In the previous chapter we created a parser to extract a list of JavaScript strings from an HTML source. Now we extend the parser to extract an HTML structure as well.

Matching Open And Close Tags

Elements of HTML has an interesting property: the name of an opening tag has to match the name of a closing tag. Natural for humans, but challenging for parsers.

PetitParser2 comes with a special syntax to express constrains of matching open and close tags. It can store a result of a rule (e.g. opening an html tag) onto a stack using the push operator and assert that a result of a rule (e.g. closing an html tag) matches the top of the stack using the match operator.

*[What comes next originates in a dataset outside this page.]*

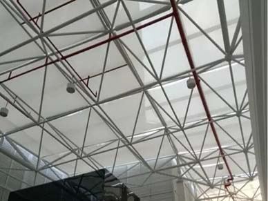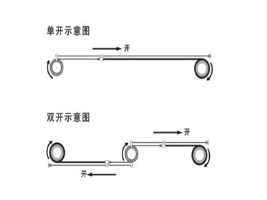 FSS卷轴式天棚帘为单开模式,面料展开时会稍有下垂。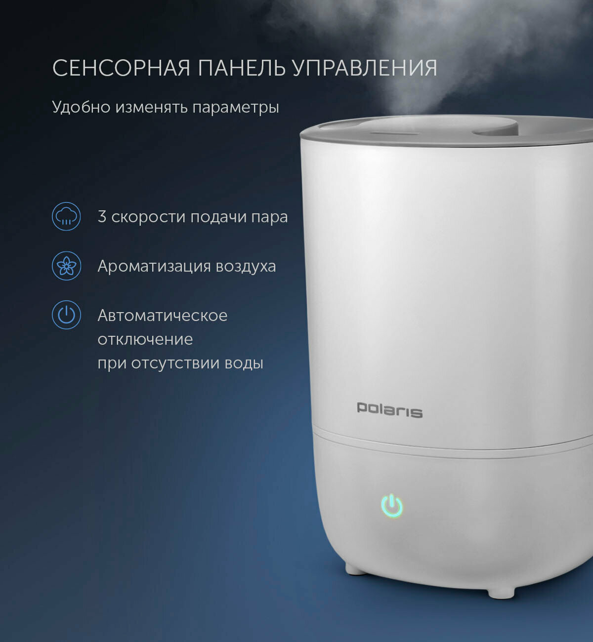 Увлажнитель воздуха Polaris PUH 7240 TF, мощность 30 Вт., объем 5 л., верхний залив воды, площадь 40 кв.м., белый/голубой

First define an element name as a repetition of letters and digits:

WebGrammar>>elementName
  ^ #word asPParser plus flatten

Than define an element as a sequence of elOpen, elContent and elClose:

WebGrammar>>element
  ^ (elOpen, elContent, elClose)

In elOpen, we push the element name as well as we possible arguments as a water:

WebGrammar>>elOpen
  ^ $< asPParser, elementName push, any starLazy, $> asPParser 
    ==> #second

In elClose, we first match the element name against the top of a stack and we pop the stack:

WebGrammar>>elClose
  ^ '</' asPParser, elementName match pop, $> asPParser

Element Content

elContent is a zero or more repetitions of the following elements (in the given order):

1. a javascript code;
2. another element; or
3. an unknown text.

Note:

Javascript is on the first position because it is kind of element and therefore must be ordered before an element rule. The same holds for the element rule, it is also kind of text.

WebGrammar>>elContent
  ^ (javascript / element / text nonEpsilon) star

Text can be anything. Therefore, we define it as with the help of bounded seas, concretely using the starLazy operator:

WebGrammar>>text
  ^ #any starLazy

Note:

Epsilon in Repetitions

Note, we mark the text rule with nonEpsilon. The nonEpsilon operator is an extension of PEGs that forbids epsilon parses (in other words if the underlying parser does not consume any input, it fails). The reason for this is that #any asPParser starLazy can consume anything, even the empty string, because the starLazy operator allows for zero repetitions.

Without nonEpsilon, the star repetition of elContent would end up in an infinite loop recognizing an epsilon in each of its iterations, never failing, never stopping. You can easily freeze your image by running the following code (we recommend saving your image now):

#any asPParser optional star parse: 'endless loop'

Testing the Code

Testing is always a good practice, let’s start with text:

WebGrammarTest>>testText
  self parse: 'foobar' rule: #text

And element follows:

WebGrammarTest>>testElement
  self parse: '<p>lorem ipsum</p>' 
       rule: #element.

WebGrammarTest>>testElementEmpty
  self parse: '<foo></foo>' 
       rule: #element.

WebGrammarTest>>testElementNested
  self parse: '<p>lorem <i>ipsum</i></p>' 
       rule: #element.

We should be able to parse malformed elements as well. Lets see if the push, match, pop magic works, as expected:

WebGrammarTest>>testElementMalformedWrongClose
  self parse: '<foo><bar>meh</baz></foo>' 
       rule: #element.

WebGrammarTest>>testElementMalformedExtraClose
  self parse: '<foo><bar>meh</bar></fii></foo>' 
       rule: #element.

WebGrammarTest>>testElementMalformedUnclosed
  self parse: '<head><meta content="mess"></head>' 
       rule: #element.

Summary

We extended our parser to match opening and closing elements of HTML. To do so, we used context-sensitive extension of PetitParser2: push, pop and matches rules.